#### What to produce:
Return every record below exactly as written, but leave out the pictures.

#### Given data:
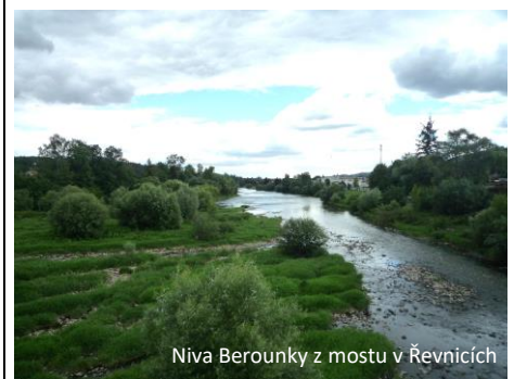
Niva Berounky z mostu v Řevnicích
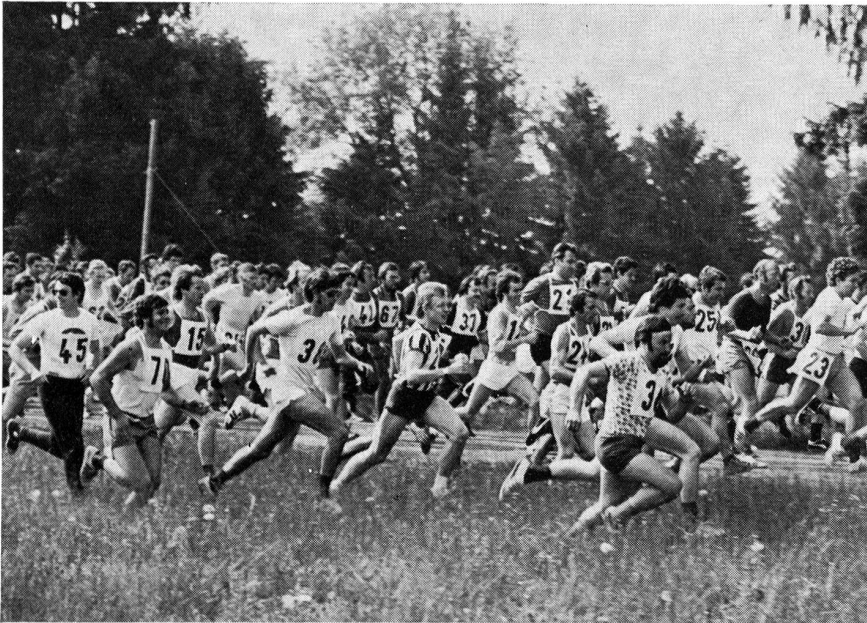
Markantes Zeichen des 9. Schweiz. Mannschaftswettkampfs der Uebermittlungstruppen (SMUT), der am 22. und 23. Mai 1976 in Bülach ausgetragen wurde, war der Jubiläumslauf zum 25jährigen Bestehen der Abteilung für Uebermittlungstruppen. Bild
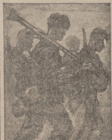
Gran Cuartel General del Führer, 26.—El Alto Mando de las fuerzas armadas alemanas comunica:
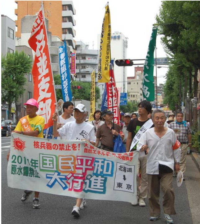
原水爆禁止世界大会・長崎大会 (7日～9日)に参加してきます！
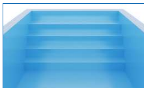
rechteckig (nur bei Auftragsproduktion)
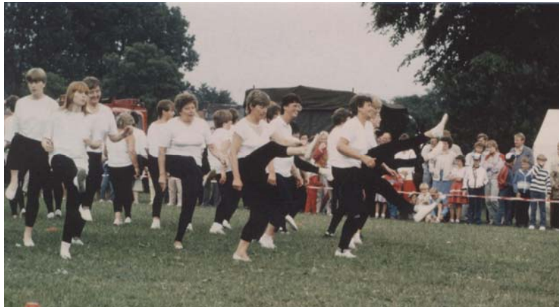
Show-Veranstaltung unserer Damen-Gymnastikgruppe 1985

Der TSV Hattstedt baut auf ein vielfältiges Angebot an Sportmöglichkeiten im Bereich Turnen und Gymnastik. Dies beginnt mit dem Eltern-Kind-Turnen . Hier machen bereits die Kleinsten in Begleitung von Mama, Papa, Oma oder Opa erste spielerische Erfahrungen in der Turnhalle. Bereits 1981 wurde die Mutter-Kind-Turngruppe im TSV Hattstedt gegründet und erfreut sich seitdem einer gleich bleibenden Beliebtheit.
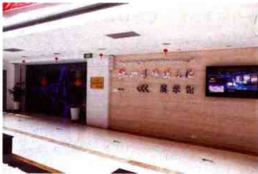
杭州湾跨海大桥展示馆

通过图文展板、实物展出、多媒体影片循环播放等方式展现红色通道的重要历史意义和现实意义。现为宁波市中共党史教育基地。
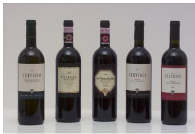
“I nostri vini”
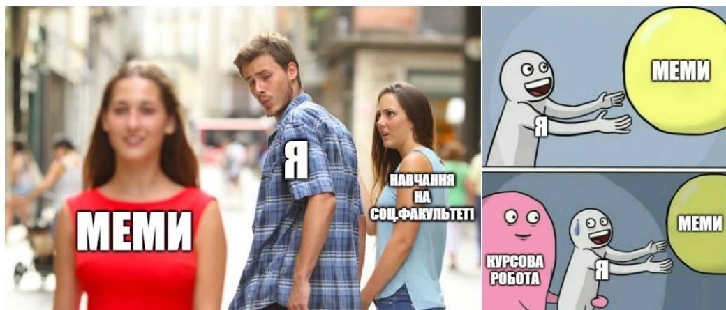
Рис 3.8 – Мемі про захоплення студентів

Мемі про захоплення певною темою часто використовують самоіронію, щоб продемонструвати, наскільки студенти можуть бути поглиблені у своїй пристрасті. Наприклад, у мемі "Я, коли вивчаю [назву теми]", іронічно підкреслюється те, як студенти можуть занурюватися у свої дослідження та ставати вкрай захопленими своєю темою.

#### Answer space:
Niva Berounky z mostu v Řevnicích
Markantes Zeichen des 9. Schweiz. Mannschaftswettkampfs der Uebermittlungstruppen (SMUT), der am 22. und 23. Mai 1976 in Bülach ausgetragen wurde, war der Jubiläumslauf zum 25jährigen Bestehen der Abteilung für Uebermittlungstruppen. Bild
Gran Cuartel General del Führer, 26.—El Alto Mando de las fuerzas armadas alemanas comunica:
原水爆禁止世界大会・長崎大会 (7日～9日)に参加してきます！
rechteckig (nur bei Auftragsproduktion)
Show-Veranstaltung unserer Damen-Gymnastikgruppe 1985

Der TSV Hattstedt baut auf ein vielfältiges Angebot an Sportmöglichkeiten im Bereich Turnen und Gymnastik. Dies beginnt mit dem Eltern-Kind-Turnen . Hier machen bereits die Kleinsten in Begleitung von Mama, Papa, Oma oder Opa erste spielerische Erfahrungen in der Turnhalle. Bereits 1981 wurde die Mutter-Kind-Turngruppe im TSV Hattstedt gegründet und erfreut sich seitdem einer gleich bleibenden Beliebtheit.
杭州湾跨海大桥展示馆

通过图文展板、实物展出、多媒体影片循环播放等方式展现红色通道的重要历史意义和现实意义。现为宁波市中共党史教育基地。
“I nostri vini”
Рис 3.8 – Мемі про захоплення студентів

Мемі про захоплення певною темою часто використовують самоіронію, щоб продемонструвати, наскільки студенти можуть бути поглиблені у своїй пристрасті. Наприклад, у мемі "Я, коли вивчаю [назву теми]", іронічно підкреслюється те, як студенти можуть занурюватися у свої дослідження та ставати вкрай захопленими своєю темою.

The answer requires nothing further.